ACTIVITY — Output everything in the data exactly, leaving the pictures out.

DATA PROVIDED —
◇ ◇ ◇

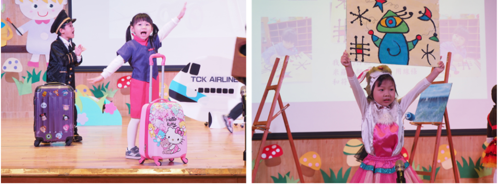 知足班的小朋友在這學期「一起愛地球」的方案課程中,從探查校園開始,孩子們努力減少垃圾的產生,並用戲劇告訴大家地球發生了什麼事,推動愛護環境減少垃圾行動,邀請大家一起保護地球。包容班演出他們在方案課程「種菜趣」中閱讀的《蔬菜逃家記》繪本,從蔬菜的第一人稱角度出發,以「他們」被人遺忘在冰箱並離家出走的故事,呼籲大家要珍惜食物。全班都是小班生的大愛班,從第一天哭哭啼啼上學,到今天能流暢的演出「顏色轉盤」,將他們在生活中的繽紛色彩,及顏色所代表的不同意義和功能介紹給現場的家長們,展現了寶貝們的學習力與成長。感恩班的孩子們則改編繪本《包包流浪記》,在扮演情境中,依據角色的特質用不同的語言來表達,並辨識文主角的情緒,用自己的方式展演出來,還展示自己動手做的手工包,讓家長們驚嘆不已!善解班的孩子們一開始連美勞區的教具怎麼操作都不會,但是透過自己慢慢去摸索、討論、經歷失敗後,在「畫家帕布羅」戲劇演出中展示每個孩子們獨一無二的創作!「慈幼好兒童」貼紙不只是一張獎勵的貼紙,更是代表你是一位有禮貌、愛整潔、能夠手做好事、腳走好路並做好自己本分事的小朋友,合心班的寶貝以戲劇「慈幼好兒童」展現自己這學期以來的成長與改變!看到孩子令人驚艷的演出,家長肯定的表示,看到孩子們的主題教學以舞台劇的方式表演出來,真的很感動,相信老師一定花了需多的心思在教導孩子。真的很感恩慈幼師長,孩子能夠在那麼好的環境下長大,真的是孩子的福報。
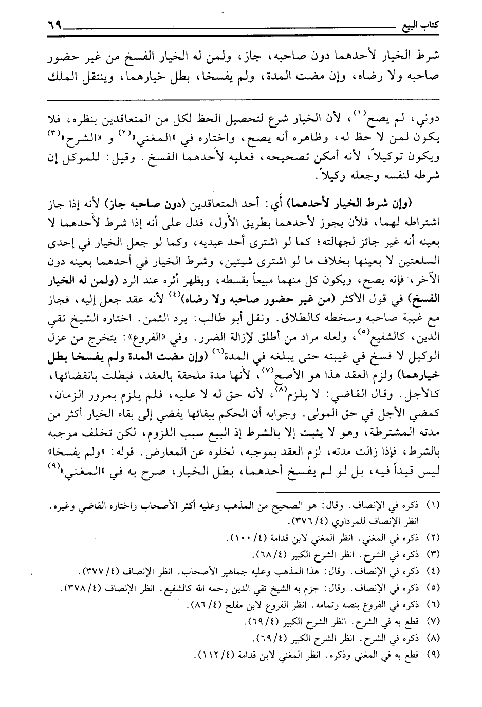 (وَإِنْ شَرَطَ الْخِيَارَ لِأَحَدِهِمَا) : أَيْ: أَحَدِ الْمُتَعَاقِدَيْنِ (دُونَ صَاحِبِهِ جَازَ) لِأَنَّهُ إِذَا جَازَ اشْتِرَاطُهُ لَهُمَا، فَلِأَنْ يَجُوزَ لِأَحَدِهِمَا بِطَرِيقِ الْأَول، فَدَلَّ عَلَى أَنَّهُ إِذَا شَرَطَ لِأَحَدِهِمَا لَا بِعَيْنِهِ أَنَّهُ غَيْرُ جَائِزٍ لِجَهَالَتِهِ، كَمَا لَوِ اشْتَرَى أَحَدٌ عَبْدَيْهِ وَكَمَا لَوْ جَعَلَ الْخِيَارَ فِي إِحْدَى السِّلْعَتَيْنِ لَا بِعَيْنِهَا بِخِلَافِ مَا لَوِ اشْتَرَى شَيْئَيْنِ، وَشَرَطَ الْخِيَارَ فِي أَحَدِهِمَا: بِعَيْنِهِ دُونَ الْآخَرِ فَإِنَّهُ يَصِحُّ وَيَكُونُ كُلٌّ مِنْهُمَا مَبِيعًا بِقِسْطِهِ وَيَظْهَرُ أَثَرُهُ عِنْدَ الرَّدِّ (وَلِمَنْ لَهُ الْخِيَارُ الْفَسْخُ) فِي قَوْلِ الْأَكْثَرِ (مِنْ غَيْرِ حُضُورِ صَاحِبِهِ وَلَا رِضَاهُ) لِأَنَّهُ عَقْدٌ جُعِلَ إِلَيْهِ، فَجَازَ مَعَ غَيْبَةِ صَاحِبِهِ وَسَخَطِهِ كَالطَّلَاقِ، وَنَقَلَ أَبُو طَالِبٍ: يَرُدُّ الثَّمَنَ، اخْتَارَهُ الشَّيْخُ تَقِيُّ الدِّينِ كَالشَّفِيعِ، وَلَعَلَّهُ مُرَادُ مَنْ أَطْلَقَ لِإِزَالَةِ الضَّرَرِ، وَفِي " الْفُرُوعِ " يَتَخَرَّجُ مَنْ عَزَلَ الْوَكِيلَ لَا فَسْخَ فِي غَيْبَتِهِ حَتَّى يُبَلِّغَهُ فِي الْمُدَّةِ (وَإِنْ مَضَتِ الْمُدَّةُ، وَلَمْ يَفْسَخَا بَطَلَ خِيَارُهُمَا) وَلَزِمَ الْعَقْدُ، هَذَا هُوَ الْأَصَحُّ، لِأَنَّهَا مُدَّةٌ مُلْحَقَةٌ بِالْعَقْدِ فَبَطَلَتْ بِانْقِضَائِهَا كَالْأَجَلِ، وَقَالَ الْقَاضِي: لَا يَلْزَمُ؛ لِأَنَّهُ حَقٌّ لَهُ لَا عَلَيْهِ، فَلَمْ يَلْزَمْ بِمُرُورِ الزَّمَانِ كَمُضِيِّ الْأَجَلِ فِي حَقِّ الْمَوْلَى، وَجَوَابُهُ أَنَّ الْحُكْمَ ببَقَائها يفضي إلى بقاء الْخِيَارِ أَكْثَرُ مِنْ مُدَّتِهِ الْمُشْتَرَطَةِ، وَهُوَ لَا يَثْبُتُ إِلَّا بِالشَّرْطِ، إِذِ الْبَيْعُ سَبَبُ اللُّزُومِ، لَكِنْ تَخَلَّفَ مُوجِبُهُ بِالشَّرْطِ، فَإِذَا زَالَتْ مُدَّتُهُ لَزِمَ الْعَقْدُ بِمُوجِبِهِ لِخُلُوِّهِ عَنِ الْمُعَارِضِ، قَوْلُهُ: " وَلَمْ يَفْسَخَا " لَيْسَ قَيْدًا فِيهِ بَلْ لَوْ لَمْ يَفْسَخْ أَحَدُهُمَا بَطَلَ الْخِيَارُ، صَرَّحَ بِهِ فِي " الْمُغْنِي "
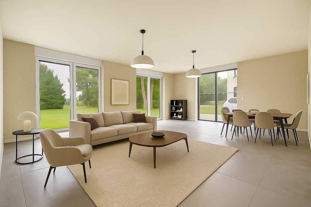 Wohnen mit Ausblick und Raum für Leben - Das Herzstück bildet das lichtdurchflutete Wohn- und Esszimmer im Erdgeschoss. Mit seinen umlaufenden Fensterfronten, der direkten Verbindung zur Terrasse und zum Garten schafft dieser Bereich eine einmalige Verbindung zwischen innen und außen. Ideal für gesellige Abende, entspannte Familienzeit oder repräsentatives Wohnen.

◇ ◇ ◇

OUTPUT FOR THIS TASK —
 知足班的小朋友在這學期「一起愛地球」的方案課程中,從探查校園開始,孩子們努力減少垃圾的產生,並用戲劇告訴大家地球發生了什麼事,推動愛護環境減少垃圾行動,邀請大家一起保護地球。包容班演出他們在方案課程「種菜趣」中閱讀的《蔬菜逃家記》繪本,從蔬菜的第一人稱角度出發,以「他們」被人遺忘在冰箱並離家出走的故事,呼籲大家要珍惜食物。全班都是小班生的大愛班,從第一天哭哭啼啼上學,到今天能流暢的演出「顏色轉盤」,將他們在生活中的繽紛色彩,及顏色所代表的不同意義和功能介紹給現場的家長們,展現了寶貝們的學習力與成長。感恩班的孩子們則改編繪本《包包流浪記》,在扮演情境中,依據角色的特質用不同的語言來表達,並辨識文主角的情緒,用自己的方式展演出來,還展示自己動手做的手工包,讓家長們驚嘆不已!善解班的孩子們一開始連美勞區的教具怎麼操作都不會,但是透過自己慢慢去摸索、討論、經歷失敗後,在「畫家帕布羅」戲劇演出中展示每個孩子們獨一無二的創作!「慈幼好兒童」貼紙不只是一張獎勵的貼紙,更是代表你是一位有禮貌、愛整潔、能夠手做好事、腳走好路並做好自己本分事的小朋友,合心班的寶貝以戲劇「慈幼好兒童」展現自己這學期以來的成長與改變!看到孩子令人驚艷的演出,家長肯定的表示,看到孩子們的主題教學以舞台劇的方式表演出來,真的很感動,相信老師一定花了需多的心思在教導孩子。真的很感恩慈幼師長,孩子能夠在那麼好的環境下長大,真的是孩子的福報。
 (وَإِنْ شَرَطَ الْخِيَارَ لِأَحَدِهِمَا) : أَيْ: أَحَدِ الْمُتَعَاقِدَيْنِ (دُونَ صَاحِبِهِ جَازَ) لِأَنَّهُ إِذَا جَازَ اشْتِرَاطُهُ لَهُمَا، فَلِأَنْ يَجُوزَ لِأَحَدِهِمَا بِطَرِيقِ الْأَول، فَدَلَّ عَلَى أَنَّهُ إِذَا شَرَطَ لِأَحَدِهِمَا لَا بِعَيْنِهِ أَنَّهُ غَيْرُ جَائِزٍ لِجَهَالَتِهِ، كَمَا لَوِ اشْتَرَى أَحَدٌ عَبْدَيْهِ وَكَمَا لَوْ جَعَلَ الْخِيَارَ فِي إِحْدَى السِّلْعَتَيْنِ لَا بِعَيْنِهَا بِخِلَافِ مَا لَوِ اشْتَرَى شَيْئَيْنِ، وَشَرَطَ الْخِيَارَ فِي أَحَدِهِمَا: بِعَيْنِهِ دُونَ الْآخَرِ فَإِنَّهُ يَصِحُّ وَيَكُونُ كُلٌّ مِنْهُمَا مَبِيعًا بِقِسْطِهِ وَيَظْهَرُ أَثَرُهُ عِنْدَ الرَّدِّ (وَلِمَنْ لَهُ الْخِيَارُ الْفَسْخُ) فِي قَوْلِ الْأَكْثَرِ (مِنْ غَيْرِ حُضُورِ صَاحِبِهِ وَلَا رِضَاهُ) لِأَنَّهُ عَقْدٌ جُعِلَ إِلَيْهِ، فَجَازَ مَعَ غَيْبَةِ صَاحِبِهِ وَسَخَطِهِ كَالطَّلَاقِ، وَنَقَلَ أَبُو طَالِبٍ: يَرُدُّ الثَّمَنَ، اخْتَارَهُ الشَّيْخُ تَقِيُّ الدِّينِ كَالشَّفِيعِ، وَلَعَلَّهُ مُرَادُ مَنْ أَطْلَقَ لِإِزَالَةِ الضَّرَرِ، وَفِي " الْفُرُوعِ " يَتَخَرَّجُ مَنْ عَزَلَ الْوَكِيلَ لَا فَسْخَ فِي غَيْبَتِهِ حَتَّى يُبَلِّغَهُ فِي الْمُدَّةِ (وَإِنْ مَضَتِ الْمُدَّةُ، وَلَمْ يَفْسَخَا بَطَلَ خِيَارُهُمَا) وَلَزِمَ الْعَقْدُ، هَذَا هُوَ الْأَصَحُّ، لِأَنَّهَا مُدَّةٌ مُلْحَقَةٌ بِالْعَقْدِ فَبَطَلَتْ بِانْقِضَائِهَا كَالْأَجَلِ، وَقَالَ الْقَاضِي: لَا يَلْزَمُ؛ لِأَنَّهُ حَقٌّ لَهُ لَا عَلَيْهِ، فَلَمْ يَلْزَمْ بِمُرُورِ الزَّمَانِ كَمُضِيِّ الْأَجَلِ فِي حَقِّ الْمَوْلَى، وَجَوَابُهُ أَنَّ الْحُكْمَ ببَقَائها يفضي إلى بقاء الْخِيَارِ أَكْثَرُ مِنْ مُدَّتِهِ الْمُشْتَرَطَةِ، وَهُوَ لَا يَثْبُتُ إِلَّا بِالشَّرْطِ، إِذِ الْبَيْعُ سَبَبُ اللُّزُومِ، لَكِنْ تَخَلَّفَ مُوجِبُهُ بِالشَّرْطِ، فَإِذَا زَالَتْ مُدَّتُهُ لَزِمَ الْعَقْدُ بِمُوجِبِهِ لِخُلُوِّهِ عَنِ الْمُعَارِضِ، قَوْلُهُ: " وَلَمْ يَفْسَخَا " لَيْسَ قَيْدًا فِيهِ بَلْ لَوْ لَمْ يَفْسَخْ أَحَدُهُمَا بَطَلَ الْخِيَارُ، صَرَّحَ بِهِ فِي " الْمُغْنِي "
 Wohnen mit Ausblick und Raum für Leben - Das Herzstück bildet das lichtdurchflutete Wohn- und Esszimmer im Erdgeschoss. Mit seinen umlaufenden Fensterfronten, der direkten Verbindung zur Terrasse und zum Garten schafft dieser Bereich eine einmalige Verbindung zwischen innen und außen. Ideal für gesellige Abende, entspannte Familienzeit oder repräsentatives Wohnen.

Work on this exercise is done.